═══ Source material ═══

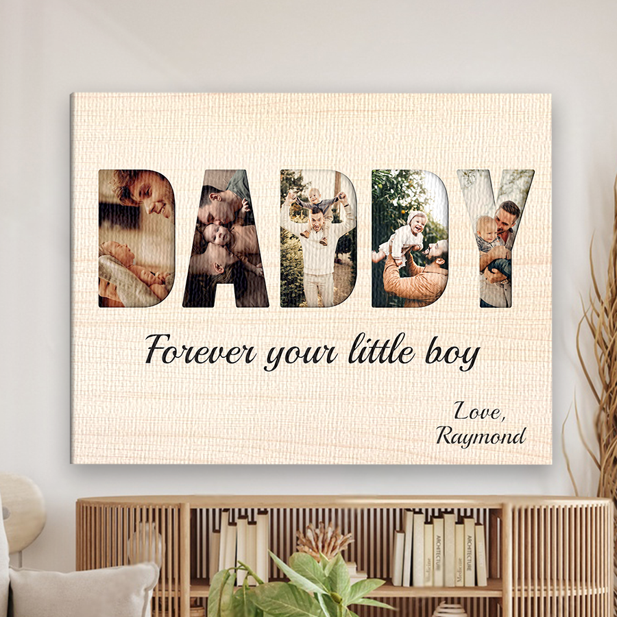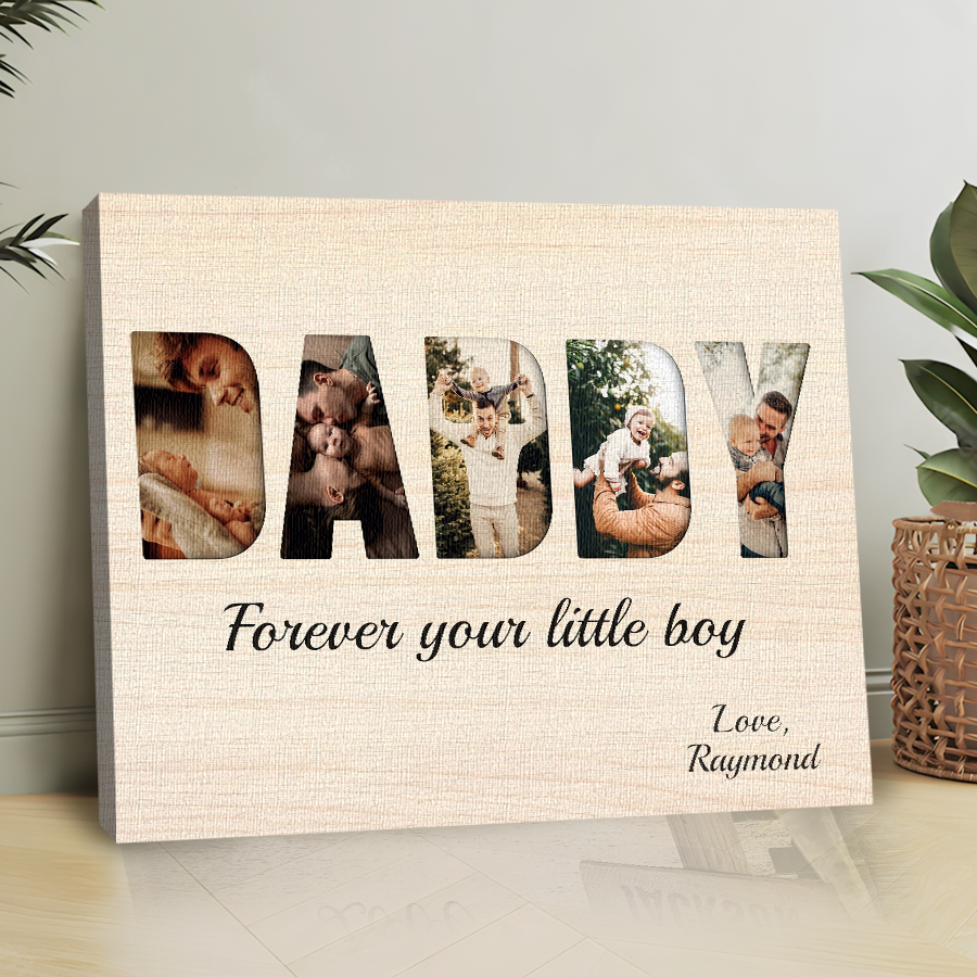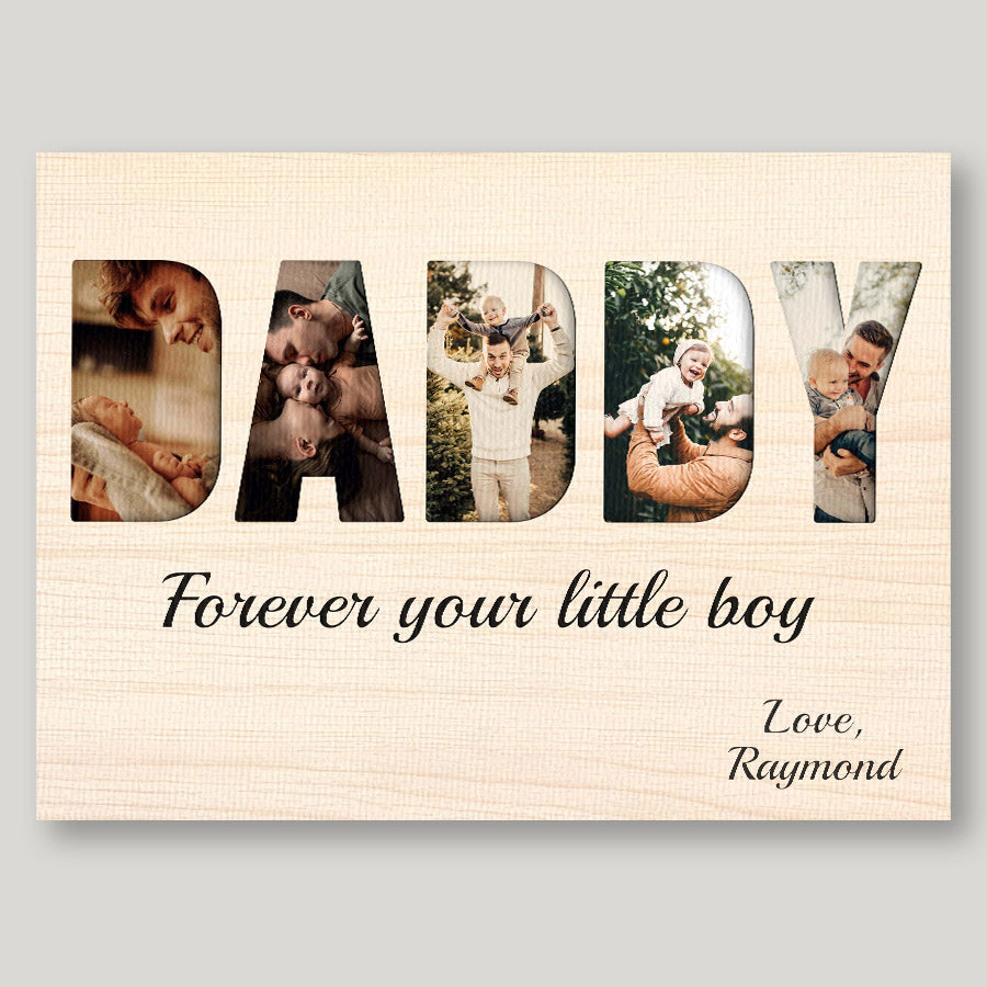 Treat the new dad in your life to daddy first fathers day gift | 1st time fathers day gift | personalized dad canvas that commemorates the baby's arrival and his first Father's Day. Our personalized photo canvas is sure to bring a smile seeing little ones grow up before their eyes. Customize it FREE now - he will love displaying this treasured memory for many years to come.
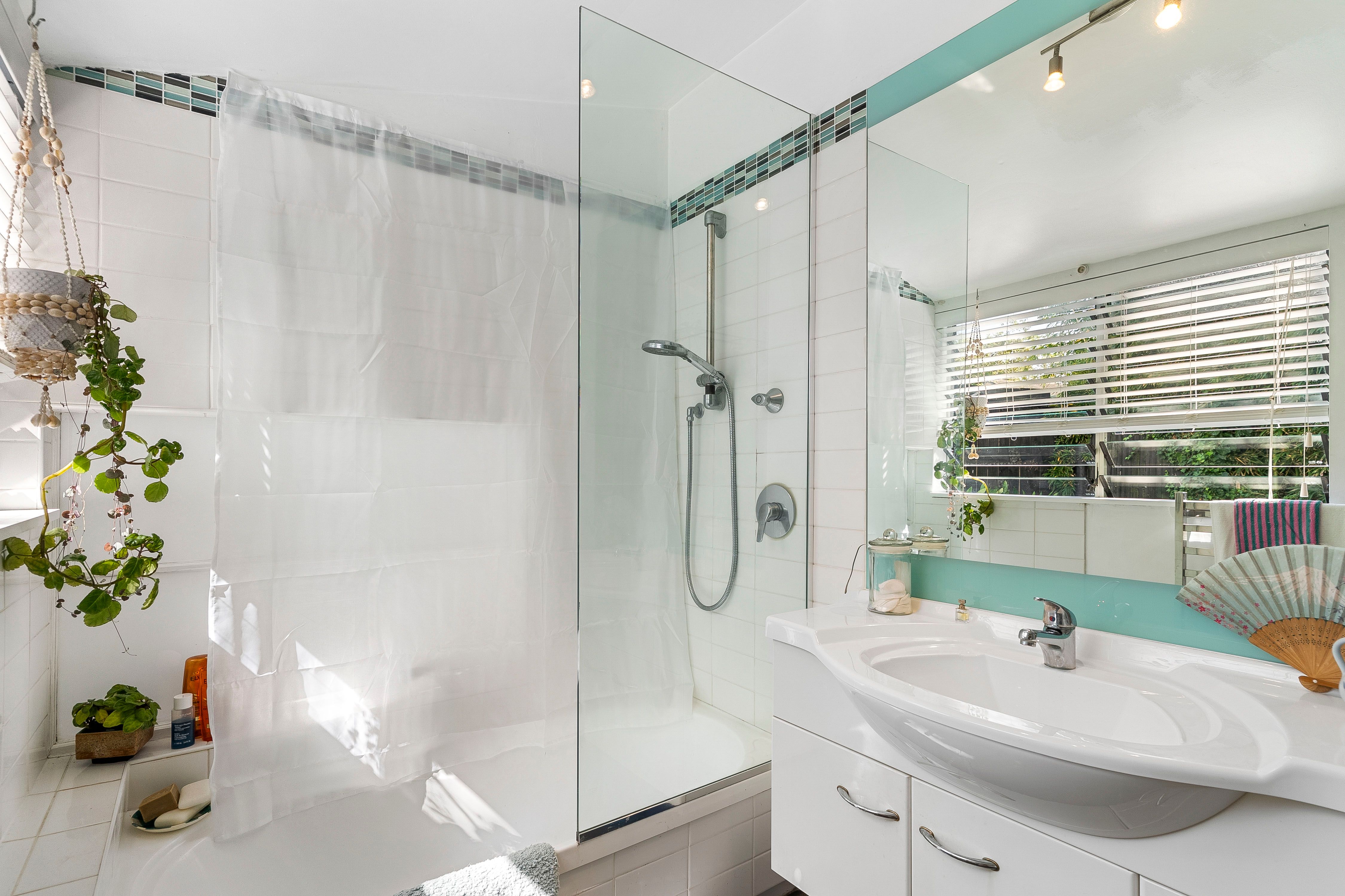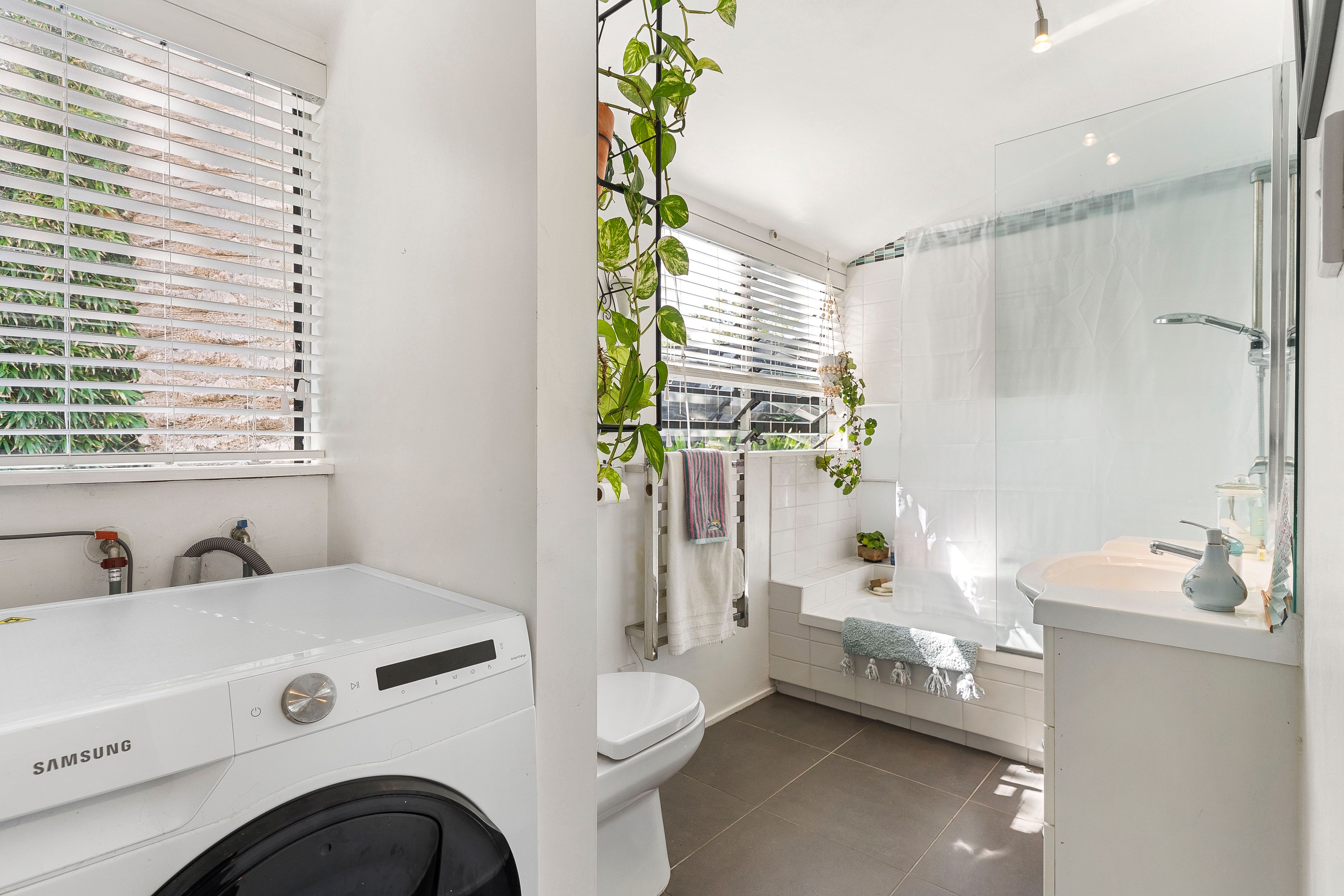 The family bathroom is generous in size, with shower-over-bath, a combined laundry, and stylish glass louvered windows.
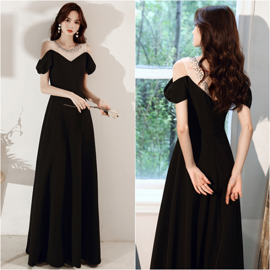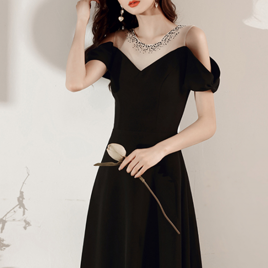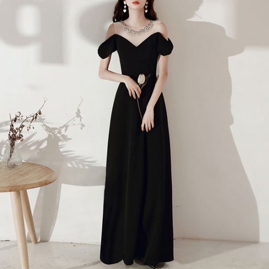 肩見せで女らしさを演出する、ドレッシーなイブニングドレス。
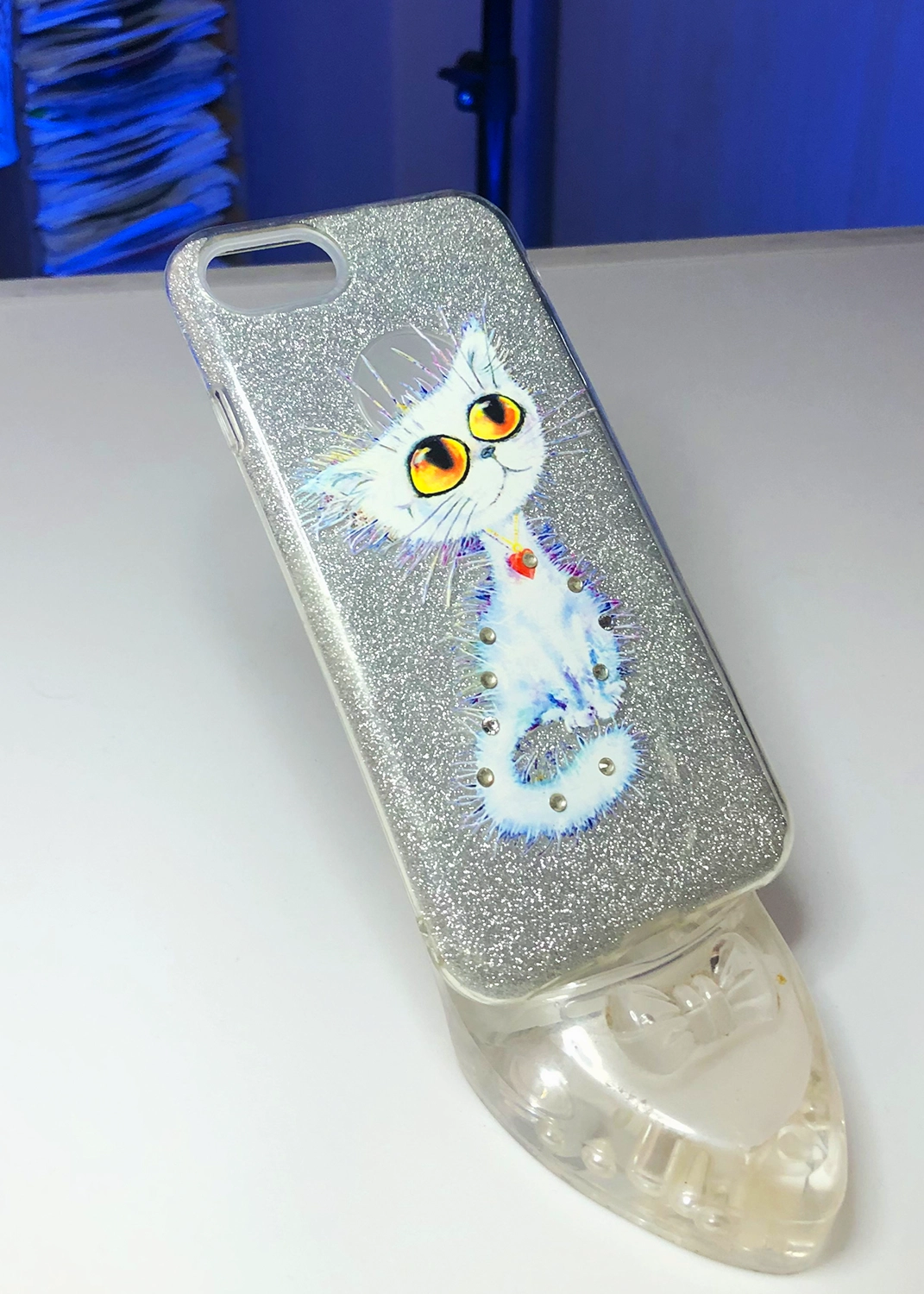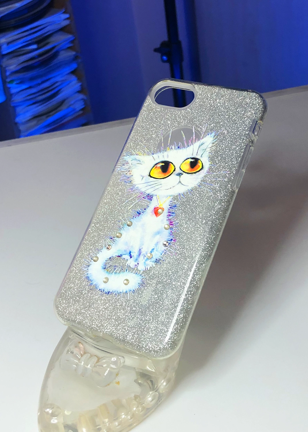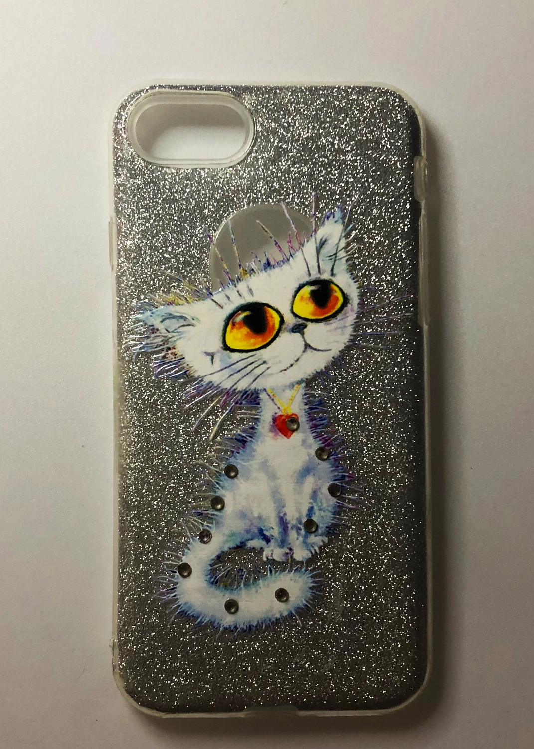 Apple iPhone 7 / 8 / SE (2020) Uyumlu Gümüş Glitter Sevimli Kedi Temalı Kılıf
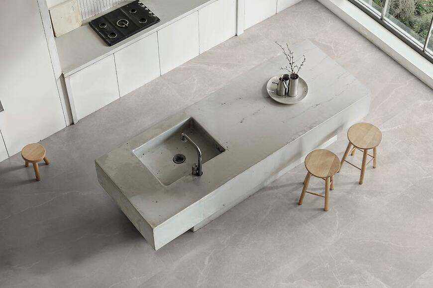 Duży format płytki umożliwia tworzenie jednolitych powierzchni na podłogach i ścianach, nadając wnętrzom przestronność i harmonijny, industrialny styl.

═══

Excluding all pictures, print exactly and only the lines from the line with "肩見せで女らしさを演出する、ドレッシーなイブニングドレス。" through the end of the records above, both ends included.

 肩見せで女らしさを演出する、ドレッシーなイブニングドレス。
 Apple iPhone 7 / 8 / SE (2020) Uyumlu Gümüş Glitter Sevimli Kedi Temalı Kılıf
 Duży format płytki umożliwia tworzenie jednolitych powierzchni na podłogach i ścianach, nadając wnętrzom przestronność i harmonijny, industrialny styl.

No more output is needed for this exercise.